Crystal structure of 1′-OH-carotenoid 3,4-desaturase from Nonlabens dokdonensis DSW-6

• We determined a crystal structure of γ-carotenoid desaturase from Nonlabens dokdonensis (DdCrtD).
• FAD cofactor binding mode was elucidated.
• A long and hydrophobic substrate binding tunnel for the 1′-OH-γ-carotenoid substrate was revealed.
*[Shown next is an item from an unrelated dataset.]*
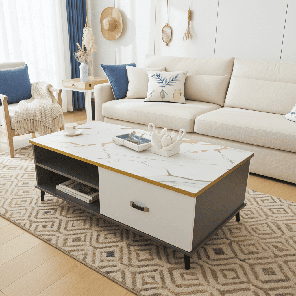 This coffee table is not just about looks—it’s built for smart living. Equipped with two open shelves and two sliding drawers, it helps you maintain a clutter-free living room. Store magazines, remote controls, chargers, or even board games in the drawers, while using the open shelving to display your favorite books or decorative baskets.
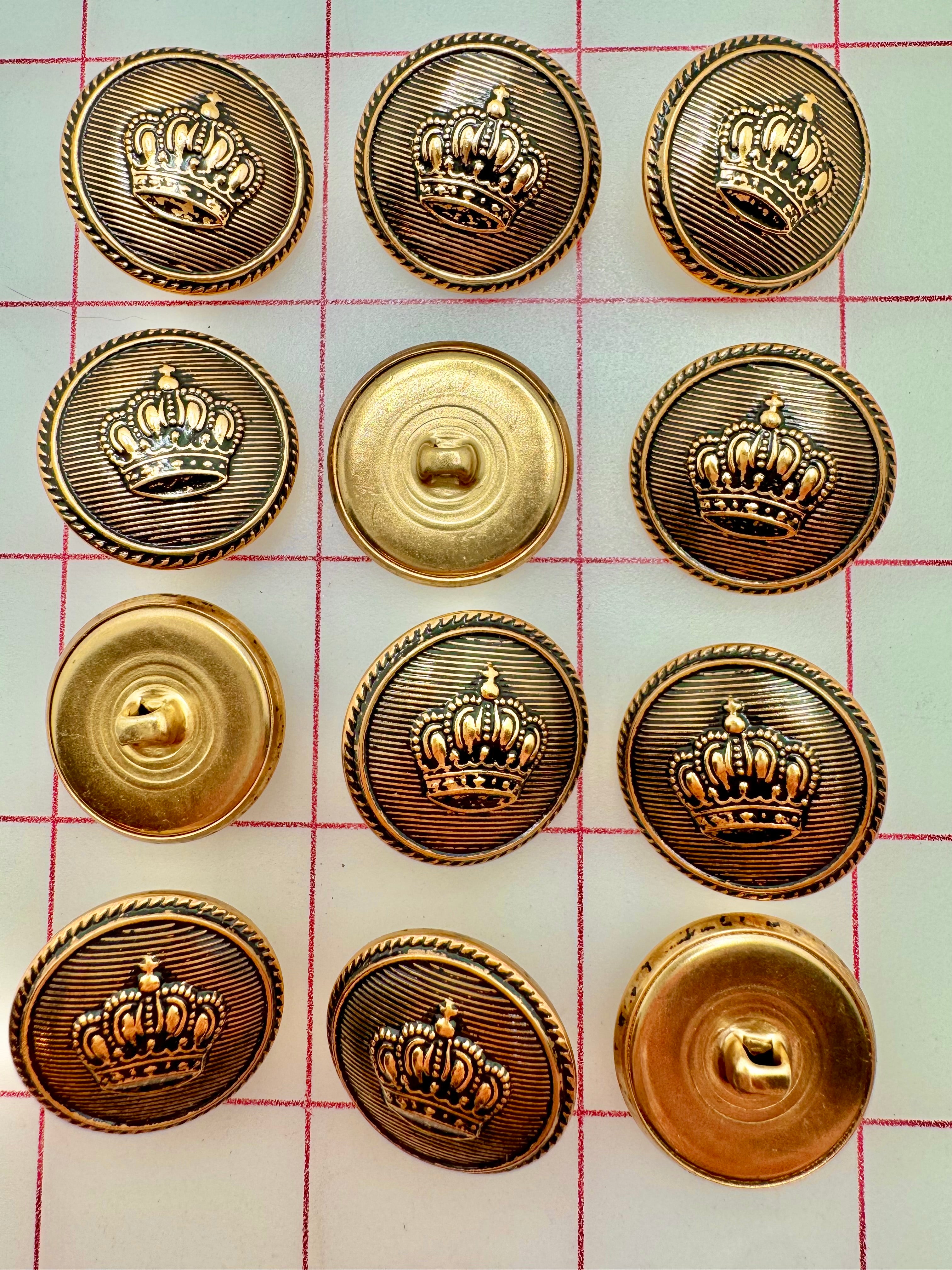 Priced per dozen. Top quality, metallic king's crown antique gold, imported Italian buttons. Size 36L = 23mm, approx. 7/8-inch.

The γ-carotenoids, such as myxol and saproxanthin, have a high potential to be utilized in nutraceutical and pharmaceutical industries for their neuro-protective and antioxidant effects. CrtD is involved in the production of γ-carotenoids by desaturating the C3′–C4′ position of 1′-OH-γ-carotenoid. We determined the crystal structure of CrtD from Nonlabens dokdonensis DSW-6 (NdCrtD), the first structure of CrtD family enzymes. The NdCrtD structure was composed of two distinct domains, an FAD-binding domain and a substrate-binding domain, and the substrate-binding domain can be divided into two subdomains, a Rossmann fold-like subdomain and a lid subdomain. Although the FAD-binding domain showed a structure similar to canonical FAD-containing enzymes, the substrate-binding domain exhibited a novel structure to constitute a long and hydrophobic tunnel with a length of ∼40 Å. The molecular docking-simulation reveals that the tunnel provides an appropriate substrate-binding site for the carotenoid such as 1′-OH-γ-carotene with a length of ∼35 Å. We could predict residues related to recognize the 1′-hydroxyl group and to stabilize the hydrophobic end without hydroxyl group. Moreover, we suggest that the flexible entrance loop may undergo an open–closed formational change during the binding of the substrate.